Haley Hogan, a sophomore exercise and sports science major, also said she sees many who cut across the grass. But she always tries to do the right thing and walk on the sidewalks because this is what they are for.
“It’s really hard to see people walk on [the grass],” Hogan said. “You can see it’s all dead over here by the English building. That’s because people … want to cut the corners of things.”
Emma Wood, a junior chemical engineering major, said the paths may save a few seconds but make Tech’s campus look bad, even though the university spends much time and money to beautify it.
Charles Leatherwood, managing director of Tech’s Grounds Maintenance Department, said his team works 40 hours a week on upkeep and has identified many areas where paths have formed. The issue has been discussed by the Traffic and Pedestrian Awareness Committee, but an all-encompassing solution is yet to be found.

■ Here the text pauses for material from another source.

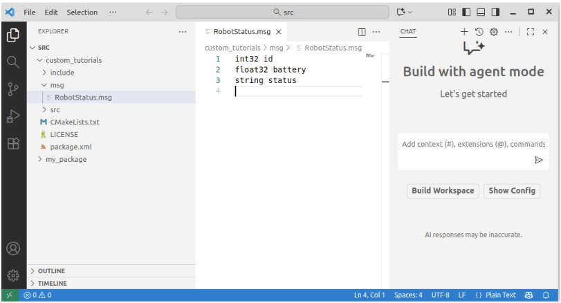 จากนั้นเขียนเนื้อหาในไฟล์ RobotStatus.msg ดังนี้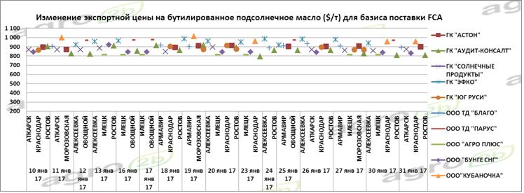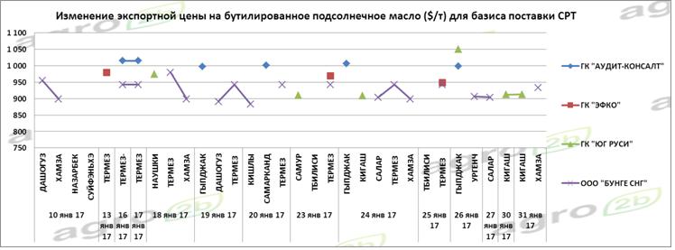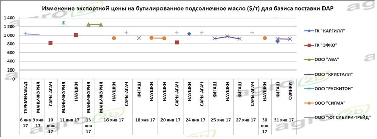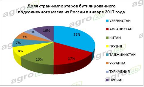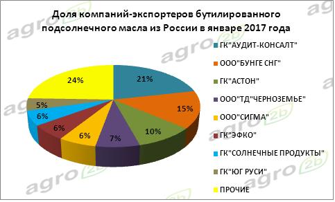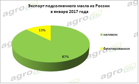 За период 01.01.2017 — 31.01.2017 года российские компании экспортировали без учета данных по странам Таможенного союза (Казахстан, Белоруссия, Армения, Киргизия) подсолнечное масло в общем объеме 158,8 тыс. тонн. Из которых 138,9 тыс. тонн составило подсолнечное масло наливом, 19,8 тыс. тонн — бутилированное подсолнечное масло. За исследуемый период отгрузка подсолнечного масла сократилась на 65 тыс. тонн.

Hogan said she believes the problem could be remedied by raising awareness through information sessions.
“We could stop it if we could grow the grass back … and show people this is why there’s a sidewalk because you’re killing grass,” Hogan said.
Both she and Wood also suggested putting up signs encouraging students to not walk on the grass.
The Grounds Maintenance Department, however, uses a more subtle approach. It sets up natural barriers to keep pedestrians from walking through paths in the grass. These include landscape boulders, flower beds or trees, Leatherwood said.
The department is also planning on installing new sidewalks, pending funds availability. The new walkways will be on the east side of Bledsoe Residence Hall, from the Z-1 parking lot to Main Street, as well as near the National Wind Institute and the Carpenter/Wells Complex.
Because the paths in the grass reflect high traffic, the addition of sidewalks is expected to decrease their use, Leatherwood said.
Hogan plans to keep using the sidewalks.
“I was always raised to make sure the grass is clean and taken care of,” Hogan said.